Legs falling apart, his gaze flicked up. Toward the light. “Luck,” Giaus said, and that was all.

Sinadim followed Giaus’ gaze.

But here he would wait. In a hole, trapped in deplorable conditions, with flimsy security totally insufficient to keep one such as he locked away in the dark.

Waiting. For his wounds to heal. For his mate’s suffering to ease…

For the winds to shift, so he could rise from the dark with a queen at his side. His general on the other.

A conqueror for the wilds.

The mutant king and the half-blind prince.

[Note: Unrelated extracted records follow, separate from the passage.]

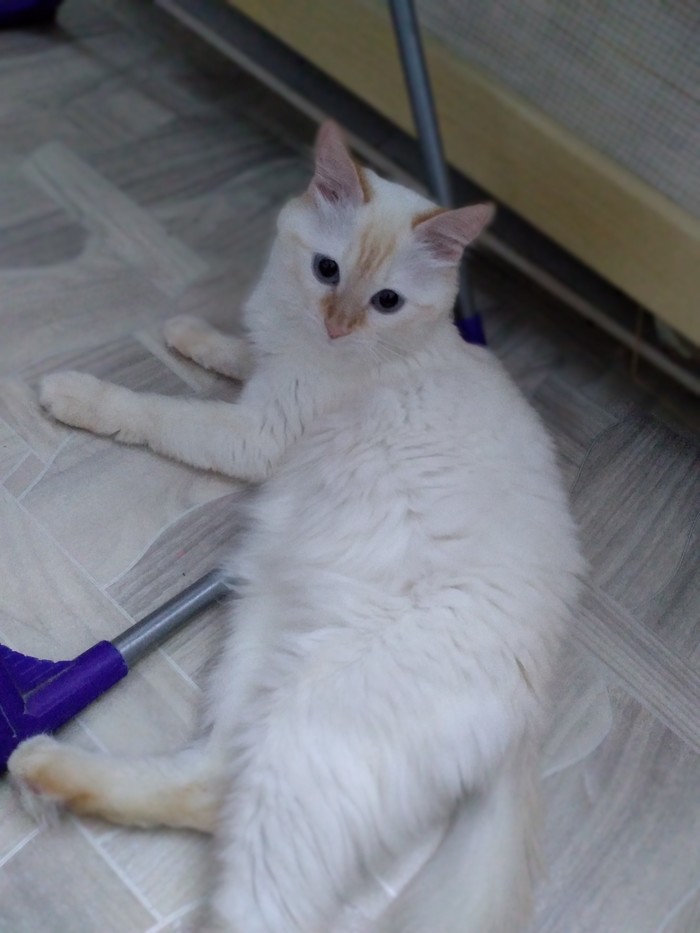 Сиамская кошка, где-то 6 лет. Имя:Соня(потому, что много спит). Ночью любит лечь на подушку на которой я сплю, будит по утрам. (ночной тыгыдык-тыгыдык отсутствует)Ревнует меня к хомяку.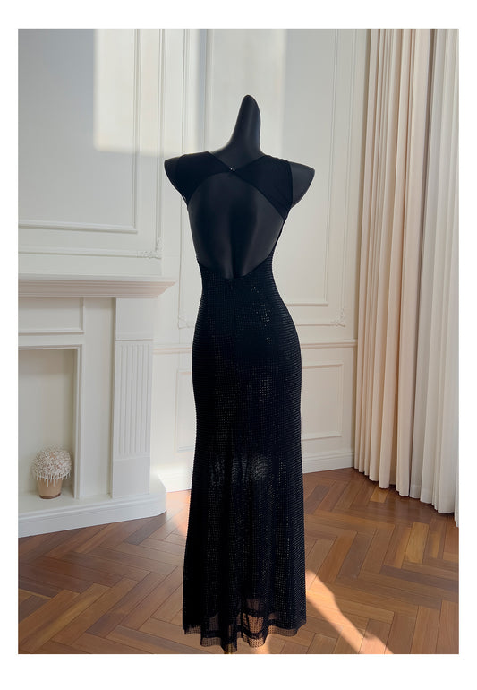 Sexy Mermaid Square Neck Black Sequin Long Prom Dresses Party Dress 20th Birthday Outfits Graduation Dresses DH1995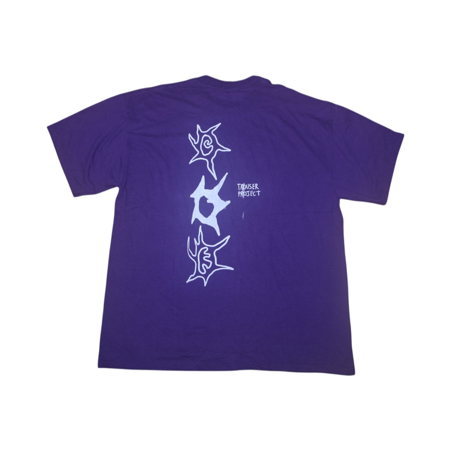 1of1 Hand printed pre-loved purple T-shirt, sustainably sourced and upcycled with graphic screen-print design.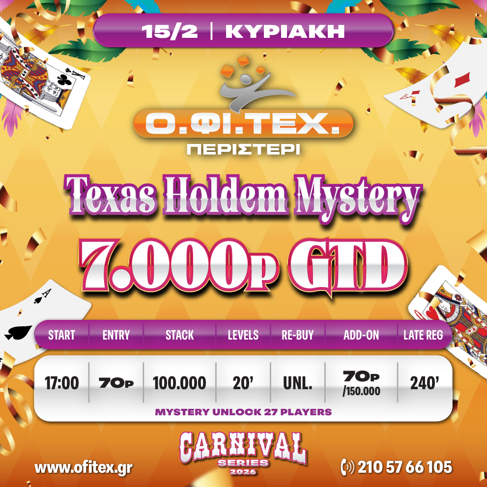 Texas Holdem Mystery → Πόντοι: 70p → Μάρκες: 100.000 → Blinds Level: 20 Min → Re-Buy: Unlimited → Add-on: 70p/150.000 → Late Reg. 240 Min

It was nothing less than what she deserved. What she’d asked for, in claiming them both. To be worshiped by two males named mate, her primal needs serviced. Appetite for rebellion nurtured by a male who would see her rule—her vicious instincts honed to a deadly point by the other. Males who would feed her wildling heart to bursting, her thirst quenched by more than just what might be pumped down her throat.

Her every savage whim satisfied.

Until she begged for more…

25

Sprinting through the night, Sickle fled. Seen only by the watchful gaze of triplet moons sitting fat and lazy on the horizon, where they peeked through the canopy and bore witness to his greatest shame.

Haunted by his failure. By the sounds he’d heard echoing up from the bottom of that pit, in knowing that he’d been too late.

He’d never forget the echo of fists on flesh. The horrible snarling yelps of a vicious beating silenced too soon.

The prince was dead.

A victim of Balkazar’s madness, Sinadim had taken the full weight of Giaus’ territorial rage.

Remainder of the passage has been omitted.